Combinational treatment of colon cancer cells with bioactive food components (1147.2)

Abstract

Using comparative proteomic analysis, we investigated the synergistic suppressive activity of natural components on the metastasis of colorectal cancer (CRC) cells. The isogenic SW480 and SW620 colon adenocarcinoma cell lines were compared to identify proteins overexpressed in metastatic SW620, which demonstrated altered expression levels following treatment with bioactive food components from natural sources and/or chemotherapeutic agents. SW620 cells were treated with three natural components, namely, curcumin, luteolin, and ginsenoside 20(S)‐Rg3 and three chemotherapeutic agents, 5‐fluorouracil, sorafenib, and oxaliplatin, which were selected by their cytotoxicity to SW620 cells.
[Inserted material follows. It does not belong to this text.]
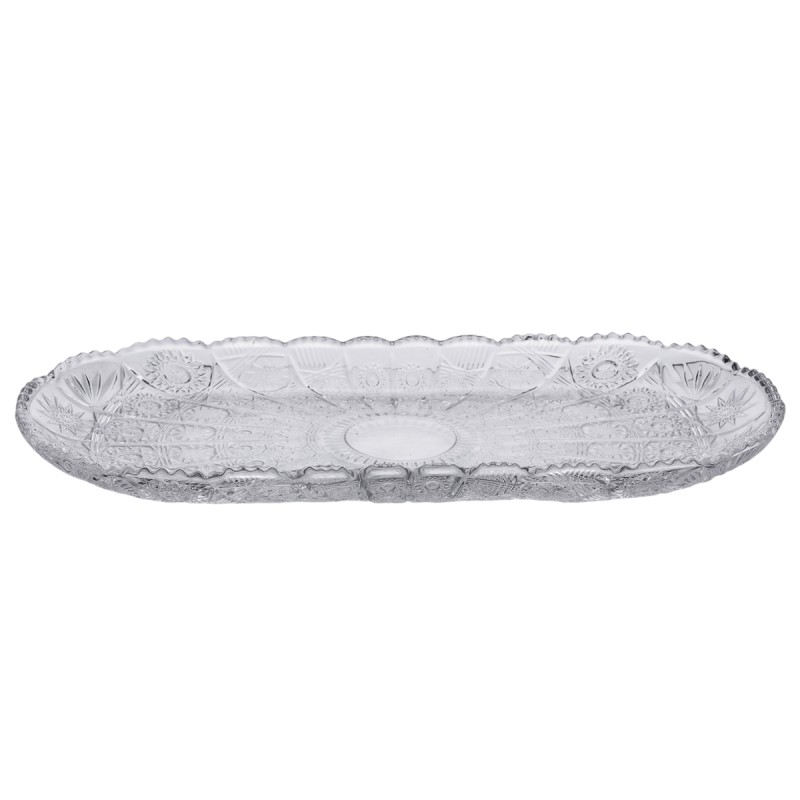 Овальне скляне блюдо для закусок — елегантний і практичний аксесуар для сервірування різноманітних страв. Його витончені лінії та прозоре скло додають стилю будь-якому столу, ідеально підходить для подачі канапе, сирів, фруктів або інших закусок.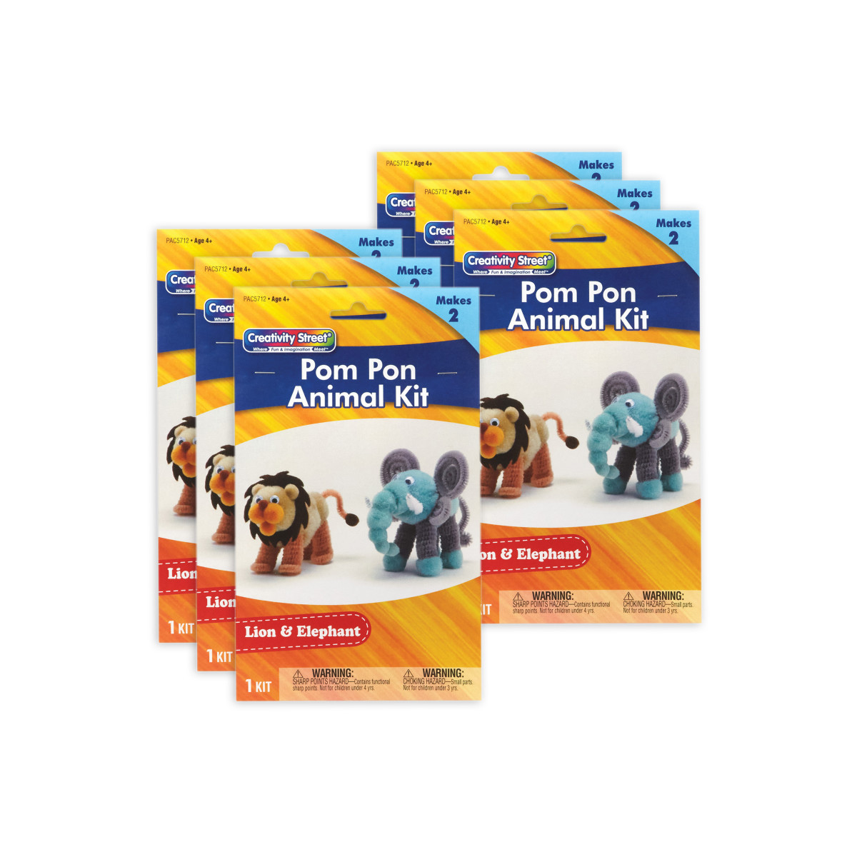 Take a break from screen time with fun and easy Creativity Street® Pom Pon Animal Kits! This all-in-one solution is the perfect DIY project for kids! Each convenient kit includes everything you need to create an adorable Lion and Elephant: pre-cut felt shapes, wiggle eyes, chenille stems and pom pons. All you need is glue and scissors, and you can create your own little African safari animals! Estimated dimensions are as follows: Elephant: 3.75"W x 3.5"L x 3.5"H, Lion: 2"W x 4.25"L x 3"H. Please note, finished product dimensions will vary based on individual assembly. Each kit makes 2 animals. Sold as 6 kits, 12 animals total.

Comparative proteomic datasets were generated using linear ion‐trap mass spectrometry combined with nano‐flow ultra performance liquid chromatography. MS data files were searched using the SEQUEST algorithm. Significant overexpression of structural proteins, such as neurofilaments and histone proteins, was observed in untreated SW620 compared to untreated SW480 cells. Interestingly, treatment with curcumin or ginsenoside 20(S)‐Rg3 suppressed the overexpression more effectively than either 5‐FU or oxaliplatin, which are drugs currently used as primary therapy in the treatment of colorectal cancer. In addition, the overexpression of histone proteins in SW620 cells was down‐regulated by the co‐treatment of curcumin and oxaliplatin, which demonstrated synergistic cytotoxicity via combinational treatment. It has been known that chemical modification (e.g. acetylation) of histones is one of the major features of cancer metastasis. However, based on the current proteomic analysis, increased expression of histone proteins is also associated with the development of CRC metastasis. Furthermore, our data suggests that curcumin co‐treatment represents a promising adjuvant to standard oxaliplatin therapy for the suppression of metastasis in colorectal adenocarcinoma.